🤖 AI Summary
This work addresses the severe degradation of interaction quality in cascaded spoken dialogue systems caused by error propagation from automatic speech recognition (ASR), a problem inadequately mitigated by conventional confidence-based filtering due to its inability to distinguish among perceptual, comprehension, and deletion errors. To overcome this limitation, the authors propose a causality-aware error recovery paradigm that employs a lightweight detector to analyze deep ASR representations, enabling fine-grained disentanglement and diagnosis of the three error types. This diagnostic insight dynamically guides a large language model to generate targeted, multi-turn clarification strategies.

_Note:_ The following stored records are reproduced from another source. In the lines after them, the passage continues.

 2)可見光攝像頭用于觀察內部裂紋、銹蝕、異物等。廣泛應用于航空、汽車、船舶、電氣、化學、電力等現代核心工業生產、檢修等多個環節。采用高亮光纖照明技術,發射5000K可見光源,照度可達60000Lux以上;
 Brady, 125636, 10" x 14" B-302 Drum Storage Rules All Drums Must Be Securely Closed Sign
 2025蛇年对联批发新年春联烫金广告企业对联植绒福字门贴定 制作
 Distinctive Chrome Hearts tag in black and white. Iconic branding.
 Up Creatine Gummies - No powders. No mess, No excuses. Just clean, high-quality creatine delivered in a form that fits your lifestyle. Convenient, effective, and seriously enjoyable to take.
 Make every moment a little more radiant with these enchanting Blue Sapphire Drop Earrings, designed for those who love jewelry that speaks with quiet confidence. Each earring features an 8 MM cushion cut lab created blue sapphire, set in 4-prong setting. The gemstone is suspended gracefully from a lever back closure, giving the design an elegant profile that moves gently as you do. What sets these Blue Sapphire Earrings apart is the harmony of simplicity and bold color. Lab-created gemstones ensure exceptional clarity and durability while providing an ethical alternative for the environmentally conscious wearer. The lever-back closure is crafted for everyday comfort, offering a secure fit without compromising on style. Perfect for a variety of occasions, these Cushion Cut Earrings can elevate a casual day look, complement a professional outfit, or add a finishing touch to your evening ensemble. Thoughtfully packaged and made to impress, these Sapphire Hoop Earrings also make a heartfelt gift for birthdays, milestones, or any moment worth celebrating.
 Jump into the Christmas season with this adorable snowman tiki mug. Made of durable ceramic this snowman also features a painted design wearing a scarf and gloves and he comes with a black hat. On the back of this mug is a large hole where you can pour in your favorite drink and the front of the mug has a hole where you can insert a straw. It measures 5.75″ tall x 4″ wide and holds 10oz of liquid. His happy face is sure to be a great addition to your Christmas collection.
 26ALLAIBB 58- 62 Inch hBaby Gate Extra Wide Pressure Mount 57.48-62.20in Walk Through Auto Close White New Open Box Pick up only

Evaluated under domain-shift conditions, the approach more than doubles error recall (57.96% vs. 23.66%), reduces word error rate by 30%, and improves downstream task performance by 17%, significantly outperforming baselines while demonstrating robust generalization across diverse accents, signal distortions, and domains.
📝 Abstract
Cascaded Automatic Speech Recognition -- Large Language Model (ASR-LLM) pipelines remain popular for industrial Spoken Dialogue Systems (SDS), primarily because their decoupled design ensures perceptual verifiability. However, cascaded systems suffer from error propagation, as transcription failures inevitably cascade to subsequent components, thereby degrading the final interaction quality. Although ASR confidence scores offer a simple filter for unreliable inputs, this approach is fundamentally limited because it typically fails to detect deletion errors or to distinguish between acoustic (inability to hear clearly) and linguistic (inability to understand) mismatches, both of which require targeted recovery strategies. In this paper, we propose a cause-aware error recovery paradigm that fundamentally rethinks robustness in SDS. Unlike traditional confidence filtering, we introduce a suite of small precision-focused detectors that exploit deep ASR latent representations to disentangle token-level errors into perception, comprehension, and deletion failures. This fine-grained diagnostic intelligence empowers the LLM to orchestrate targeted, multi-turn clarification strategies, effectively transforming ambiguous signals into seamless user interactions. Experimental results validate the precision of our approach, which more than doubles the recall on domain-shift errors (57.96% vs. 23.66%) compared to baselines. Crucially, this diagnostic precision yields up to a 30% reduction in WER and a 17% improvement on the downstream task across diverse accents, distortions, and domains.